Skip to contents

Spark SQL can cache tables using an in-memory columnar format by calling cache_table(). Spark SQL will scan only required columns and will automatically tune compression to minimize memory usage and GC pressure. You can call uncache_table() to remove the table from memory. Similarly you can call clear_cache() to remove all cached tables from the in-memory cache. Finally, use is_cached() to test whether or not a table is cached.

Usage

cache_table(sc, table)

clear_cache(sc)

is_cached(sc, table)

uncache_table(sc, table)

Arguments

sc

A spark_connection.

table

character(1).
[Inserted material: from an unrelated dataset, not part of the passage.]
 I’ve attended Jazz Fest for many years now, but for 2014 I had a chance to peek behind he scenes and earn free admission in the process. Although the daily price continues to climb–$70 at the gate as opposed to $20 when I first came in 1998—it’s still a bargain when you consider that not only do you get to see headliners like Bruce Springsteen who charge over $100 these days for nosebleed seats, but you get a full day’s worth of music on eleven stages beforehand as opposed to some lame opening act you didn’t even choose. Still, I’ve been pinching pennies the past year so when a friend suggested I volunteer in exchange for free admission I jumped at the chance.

The name of the table.

Value

  • cache_table(): If successful, TRUE, otherwise FALSE.

  • clear_cache(): NULL, invisibly.

  • is_cached(): A logical(1) vector indicating TRUE if the table is cached and FALSE otherwise.
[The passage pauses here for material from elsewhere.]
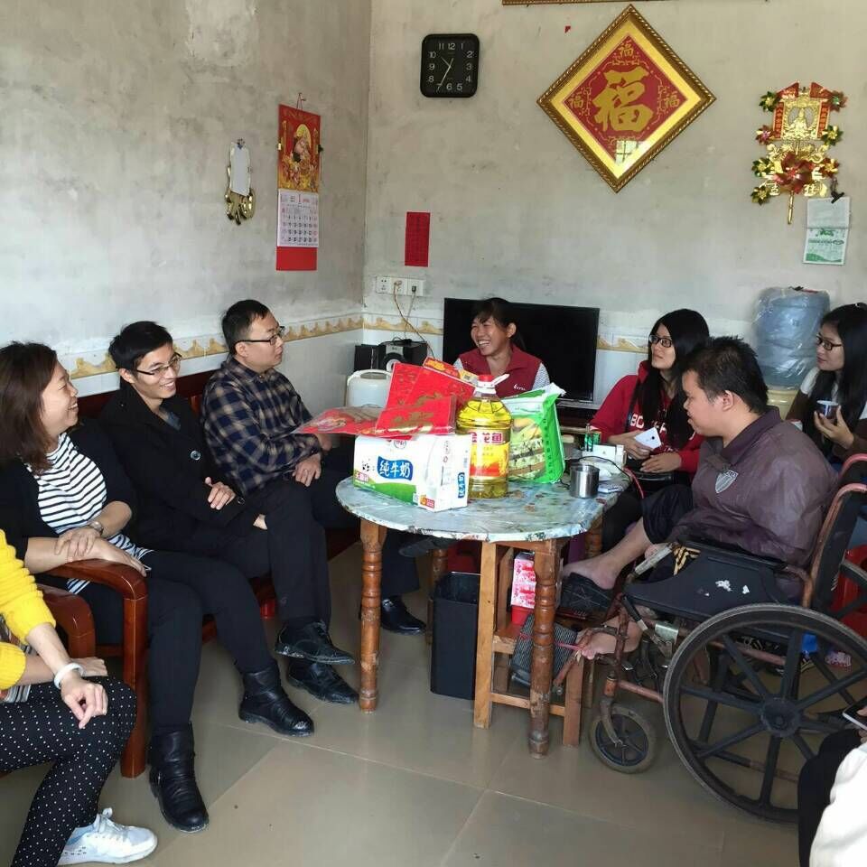 【本网讯】2016年1月6日上午,beat365在线体育官网登录入口学生党总支党员代表、今日花都报记者和匀生老师以及学生处党支部入党积极分子代表一行9人前往花山镇城西村看望轮椅兄弟,并为其带去爱心和新春祝福。

  • uncache_table(): NULL, invisibly.

Examples

if (FALSE) {
sc <- sparklyr::spark_connect(master = "local")
mtcars_spark <- sparklyr::copy_to(dest = sc, df = mtcars)

# By default the table is not cached
is_cached(sc = sc, table = "mtcars")

# We can manually cache the table
cache_table(sc = sc, table = "mtcars")
# And now the table is cached
is_cached(sc = sc, table = "mtcars")

# We can uncache the table
uncache_table(sc = sc, table = "mtcars")
is_cached(sc = sc, table = "mtcars")
}